# DATA EXTRACTS

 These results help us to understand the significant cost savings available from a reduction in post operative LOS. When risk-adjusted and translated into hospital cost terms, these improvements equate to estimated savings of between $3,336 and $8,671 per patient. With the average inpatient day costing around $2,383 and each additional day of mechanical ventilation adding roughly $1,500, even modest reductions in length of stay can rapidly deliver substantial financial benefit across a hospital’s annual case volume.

* * *

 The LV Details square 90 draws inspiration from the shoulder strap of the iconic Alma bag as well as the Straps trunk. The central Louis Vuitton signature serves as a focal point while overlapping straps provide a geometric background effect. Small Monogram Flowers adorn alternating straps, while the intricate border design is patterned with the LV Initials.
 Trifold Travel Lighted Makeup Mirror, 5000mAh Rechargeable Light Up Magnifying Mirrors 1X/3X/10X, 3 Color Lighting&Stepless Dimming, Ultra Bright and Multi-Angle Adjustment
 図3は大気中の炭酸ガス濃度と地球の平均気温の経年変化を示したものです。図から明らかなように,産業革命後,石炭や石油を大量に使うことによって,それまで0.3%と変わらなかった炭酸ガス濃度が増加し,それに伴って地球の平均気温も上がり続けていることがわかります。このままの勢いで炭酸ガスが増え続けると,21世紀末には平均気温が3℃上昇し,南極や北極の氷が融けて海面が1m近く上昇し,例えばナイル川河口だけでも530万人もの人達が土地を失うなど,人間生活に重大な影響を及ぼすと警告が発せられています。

# WHAT THE EXERCISE ASKS
Scan the data above, find each line with "from", and copy it.

# WRITTEN SOLUTION
 These results help us to understand the significant cost savings available from a reduction in post operative LOS. When risk-adjusted and translated into hospital cost terms, these improvements equate to estimated savings of between $3,336 and $8,671 per patient. With the average inpatient day costing around $2,383 and each additional day of mechanical ventilation adding roughly $1,500, even modest reductions in length of stay can rapidly deliver substantial financial benefit across a hospital’s annual case volume.
 The LV Details square 90 draws inspiration from the shoulder strap of the iconic Alma bag as well as the Straps trunk. The central Louis Vuitton signature serves as a focal point while overlapping straps provide a geometric background effect. Small Monogram Flowers adorn alternating straps, while the intricate border design is patterned with the LV Initials.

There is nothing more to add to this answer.